In the records below, pick out all lines containing the word "natural".

> Information given
__________________________________________________

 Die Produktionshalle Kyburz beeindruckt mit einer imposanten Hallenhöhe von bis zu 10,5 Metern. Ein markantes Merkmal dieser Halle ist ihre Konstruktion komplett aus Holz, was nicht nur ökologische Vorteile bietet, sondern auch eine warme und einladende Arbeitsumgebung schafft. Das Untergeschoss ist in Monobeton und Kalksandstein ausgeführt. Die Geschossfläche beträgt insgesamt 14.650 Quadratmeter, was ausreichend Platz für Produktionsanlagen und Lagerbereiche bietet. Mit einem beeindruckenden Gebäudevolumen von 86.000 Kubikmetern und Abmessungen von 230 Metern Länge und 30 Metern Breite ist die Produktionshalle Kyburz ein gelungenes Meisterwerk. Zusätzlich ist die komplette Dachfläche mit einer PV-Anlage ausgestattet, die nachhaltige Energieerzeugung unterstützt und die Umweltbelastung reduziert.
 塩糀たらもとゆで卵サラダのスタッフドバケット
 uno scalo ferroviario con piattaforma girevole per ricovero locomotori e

__________________________________________________

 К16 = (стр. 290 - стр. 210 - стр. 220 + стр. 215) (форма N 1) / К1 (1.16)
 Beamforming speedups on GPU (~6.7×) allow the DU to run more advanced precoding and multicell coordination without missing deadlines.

__________________________________________________

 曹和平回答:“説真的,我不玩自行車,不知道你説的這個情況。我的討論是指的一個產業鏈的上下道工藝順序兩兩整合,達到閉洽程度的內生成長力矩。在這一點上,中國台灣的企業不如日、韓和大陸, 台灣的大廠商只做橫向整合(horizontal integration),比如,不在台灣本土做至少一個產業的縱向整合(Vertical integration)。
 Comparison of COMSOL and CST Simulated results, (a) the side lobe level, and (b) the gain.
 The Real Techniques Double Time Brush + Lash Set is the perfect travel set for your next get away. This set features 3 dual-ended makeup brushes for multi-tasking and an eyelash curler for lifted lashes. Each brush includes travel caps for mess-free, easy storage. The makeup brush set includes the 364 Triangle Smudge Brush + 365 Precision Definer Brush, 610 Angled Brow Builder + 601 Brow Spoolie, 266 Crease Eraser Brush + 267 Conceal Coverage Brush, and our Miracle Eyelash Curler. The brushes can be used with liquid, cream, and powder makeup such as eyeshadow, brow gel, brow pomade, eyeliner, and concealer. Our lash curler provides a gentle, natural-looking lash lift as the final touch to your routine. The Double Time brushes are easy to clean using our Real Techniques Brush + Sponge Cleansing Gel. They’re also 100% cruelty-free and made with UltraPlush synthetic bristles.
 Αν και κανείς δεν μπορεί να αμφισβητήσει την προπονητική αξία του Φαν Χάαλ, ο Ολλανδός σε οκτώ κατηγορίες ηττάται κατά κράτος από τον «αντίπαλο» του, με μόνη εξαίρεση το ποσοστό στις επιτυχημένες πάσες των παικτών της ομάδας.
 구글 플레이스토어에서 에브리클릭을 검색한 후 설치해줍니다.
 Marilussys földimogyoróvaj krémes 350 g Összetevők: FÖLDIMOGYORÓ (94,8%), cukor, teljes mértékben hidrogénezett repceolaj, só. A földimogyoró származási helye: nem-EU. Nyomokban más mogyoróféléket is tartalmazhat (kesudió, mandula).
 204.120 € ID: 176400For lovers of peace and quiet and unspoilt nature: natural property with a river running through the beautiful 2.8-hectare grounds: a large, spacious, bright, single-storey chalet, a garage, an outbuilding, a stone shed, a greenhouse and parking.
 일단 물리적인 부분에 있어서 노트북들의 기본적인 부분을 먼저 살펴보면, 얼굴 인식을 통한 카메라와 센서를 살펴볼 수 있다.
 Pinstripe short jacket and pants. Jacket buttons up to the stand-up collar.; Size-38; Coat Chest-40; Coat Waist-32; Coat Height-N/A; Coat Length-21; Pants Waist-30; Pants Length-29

__________________________________________________

> Output of the exercise
 The Real Techniques Double Time Brush + Lash Set is the perfect travel set for your next get away. This set features 3 dual-ended makeup brushes for multi-tasking and an eyelash curler for lifted lashes. Each brush includes travel caps for mess-free, easy storage. The makeup brush set includes the 364 Triangle Smudge Brush + 365 Precision Definer Brush, 610 Angled Brow Builder + 601 Brow Spoolie, 266 Crease Eraser Brush + 267 Conceal Coverage Brush, and our Miracle Eyelash Curler. The brushes can be used with liquid, cream, and powder makeup such as eyeshadow, brow gel, brow pomade, eyeliner, and concealer. Our lash curler provides a gentle, natural-looking lash lift as the final touch to your routine. The Double Time brushes are easy to clean using our Real Techniques Brush + Sponge Cleansing Gel. They’re also 100% cruelty-free and made with UltraPlush synthetic bristles.
 204.120 € ID: 176400For lovers of peace and quiet and unspoilt nature: natural property with a river running through the beautiful 2.8-hectare grounds: a large, spacious, bright, single-storey chalet, a garage, an outbuilding, a stone shed, a greenhouse and parking.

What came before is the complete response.